● **PROBLEM STATEMENT**
Output every line below exactly, please, omitting pictures.

● **DATA EXCERPT**

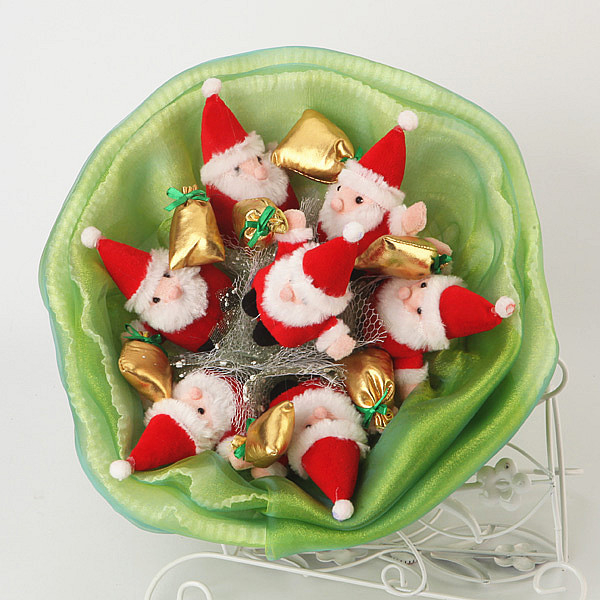 Букеты из игрушек с Санта-клаусами,снеговиками или овечками (символ 2015 года) с бесплатной доставкой по г.Саратов
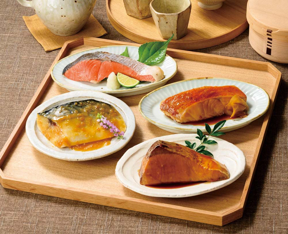 - さばの味噌煮・ぶりの照焼き各90g×各2、めぬけと黄金生姜の煮付け100g、紅鮭の塩焼き60g
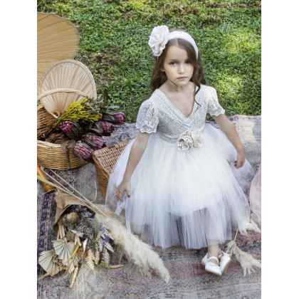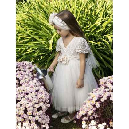 Ένα ξεχωριστό boho φόρεμα από τη συλλογή Printemps 2023 σε off white απόχρωση, ιδιαίτερη ανάγλυφη δανδέλα στολίζει το μπούστο του φορέματος και χειροποίητα λουλούδια στη μέση δίνουν μία ιδιαίτερη πινελιά .Η εσωτερική επένδυση του φορέματος αποτελείται από μαλακό βαμβακερό ύφασμα.
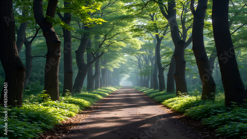 © Rishi, Obraz premium Serene forest path lined with ancient trees

● **ANSWER SECTION**
 Букеты из игрушек с Санта-клаусами,снеговиками или овечками (символ 2015 года) с бесплатной доставкой по г.Саратов
 - さばの味噌煮・ぶりの照焼き各90g×各2、めぬけと黄金生姜の煮付け100g、紅鮭の塩焼き60g
 Ένα ξεχωριστό boho φόρεμα από τη συλλογή Printemps 2023 σε off white απόχρωση, ιδιαίτερη ανάγλυφη δανδέλα στολίζει το μπούστο του φορέματος και χειροποίητα λουλούδια στη μέση δίνουν μία ιδιαίτερη πινελιά .Η εσωτερική επένδυση του φορέματος αποτελείται από μαλακό βαμβακερό ύφασμα.
 © Rishi, Obraz premium Serene forest path lined with ancient trees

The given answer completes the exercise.